5 Perasaan Ini Hanya Dimengerti oleh Ibu yang Baru Melahirkan

Mari sebarkan artikel ini kepada pembaca lainnya

Ibu yang baru melahirkan memang sensitif. Inilah yang sering dilupakan oleh orang sekeliling dan terkadang membuat si ibu merasakan hal berikut.

Kondisi fisik seorang ibu yang baru melahirkan yang lelah dan kurang tidur, ditambah dengan ‘banjir’ hormon di dalam tubuhnya memang membuat ibu menjadi lebih sensitif.

Tidak heran, ibu yang baru melahirkan sering merasa sedih dan galau sendirian, apalagi jika lingkungan sekelilingnya tidak peka. Inilah 5 hal yang sering dirasakan oleh seorang ibu yang baru melahirkan, apakah Anda juga pernah merasakannya?

1. “Mengapa semua bertanya tentang bayiku? Tanyakan juga keadaanku.”

“Panjangnya berapa? Berat badannya berapa? Mirip siapa?” Semua pertanyaan soal bayi yang awalnya menyenangkan bisa lama-lama menjadi hal yang menyebalkan bagi ibu yang baru melahirkan.

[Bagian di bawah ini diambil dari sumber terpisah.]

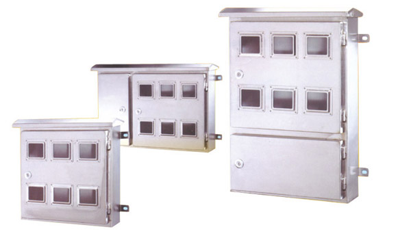 ? ? ?箱體結構分立式和臥式,外殼采用2mm優質不銹鋼板經多重折邊工藝彎制(或采用蜂窩結構的不銹鋼雙夾層復合板,具有阻燃、環保、隔熱、防凝露等性能),采用特殊不銹鋼焊接工藝,箱體成型后整體強度高,表面光潔如鏡,不留焊縫痕跡;內部安裝梁(板)為熱鍍鋅工藝處理確保二十年內不銹蝕;箱體前后開門,便于用戶操作和檢修,門四周鑲有高彈力耐老化密封膠條,每扇門均裝有明暗兩種門鎖,明鎖配有防墻防銹的遮雨罩:計量室全封閉帶鉛封裝置;箱體側面裝有防雨防異物的進線電纜穿管,底部沖有通風孔和電纜出線孔,頂部設有通風道和絲網,具有防水、防銹、防塵、防異物的功能,防護等級IP54。
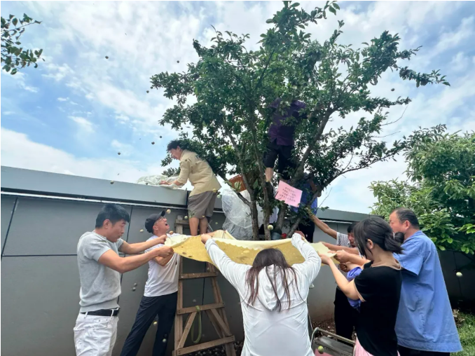 轉(zhuǎn)戰(zhàn)一株臨墻李子樹,我們搬來了梯子采摘,樓總介紹道:“雙童的水果一旦熟了之后,我們就會提醒員工果子已成熟。不折枝,不爬樹,只在樹下品嘗。為什么不讓爬樹?因?yàn)榕虏话踩?。你一個人來爬樹,就怕出現(xiàn)安全問題,人多的時候爬樹也能確保安全?!?/span>借助工具,攀上枝頭,只為得到那一抹甜蜜。這一棵樹臨墻而生,又長的太高,實(shí)在是不好夠到,但也不能這么白白放棄呀,那么好的李,于是大家拿來布,兜在樹下,搖晃樹干,天空下了一場李子雨。大家一邊被“雨”砸得嗷嗷叫,但是又一邊快樂地大笑。沒一會兒的功夫,十幾個果筐早已被青紅的李子塞得滿滿當(dāng)當(dāng),陽光透過枝葉在果堆上灑下斑駁的光暈,仿佛給這場豐收節(jié)奏上了華彩的樂章。

Ketika menjenguk si ibu, janganlah Anda hanya memusatkan perhatian kepada si bayi. Tanyakan juga keadaan si ibu, bahkan berbaik hatilah menawarkan sesuatu yang dia inginkan sebagai buah tangan Anda saat menjenguk. Ia akan senang dan merasa lebih diperhatikan.

2. “Semua berkata bayiku lucu namun tidak ada yang memuji perjuanganku melahirkannya.”

Entah itu berjuang menahan kontraksi belasan jam atau berbaring di meja operasi, seorang ibu membutuhkan pengakuan atas perjuangannya yang satu ini.

Terlebih untuk para Ayah, janganlah Anda lupa berterima kasih kepada istri atas perjuangannya melahirkan si kecil.

Meskipun melahirkan adalah kodrat seorang perempuan, sedikit pujian yang Anda berikan kepadanya akan berdampak besar pada hari-hari ibu baru ini. Percayalah.

Artikel terkait: 5 Aturan Penting Saat Menjenguk Ibu yang Baru Melahirkan

3. “ASIku memang belum keluar, tolong jangan anggap aku sebagai ibu yang tidak sempurna.”

Tidak semua ibu berhasil mengeluarkan ASInya setelah ia melahirkan. Beberapa ibu perlu waktu bahkan sampai 7 hari setelah bersalin.

Jangan sampai Anda menghakimi si ibu dan membuatnya lebih gusar dengan membanding-bandingkannya dengan orang lain.

Ingatlah, bahwa semakin gusar seorang ibu, justru membuat produksi ASInya menjadi tidak lancar lho!

4. “Aku melahirkannya setengah mati, maaf jika aku melarang sembarang orang menyentuhnya.”

“Ih dia galak banget, masa aku mau cium babynya nggak boleh sih.”

Bukan bermaksud pelit atau terlalu melindungi, tapi bayi baru lahir memang daya tahan tubuhnya belum berkembang dengan baik.

Jika Anda memang ingin memegang si bayi, pastikan Anda dalam kondisi sehat atau cucilah dulu tangan Anda untuk mencegah penularan virus dan bakteri yang berbahaya.

5. “Aku senang kalian memberi saran. Tapi banyak saran juga membuatku bingung.”

Seorang ibu baru memang membutuhkan support system yang baik. Ia butuh saran dan tips dari teman-temannya yang jauh lebih dulu menjadi orangtua.

Namun, terlalu banyak memberi saran justru membuat para ibu baru ini menjadi bingung. Biarkanlah para ibu ini mengurus buah hati dengan cara mereka. Jika suatu hari mereka membutuhkan saran, mereka pasti akan langsung bertanya kepada orang yang dipercaya!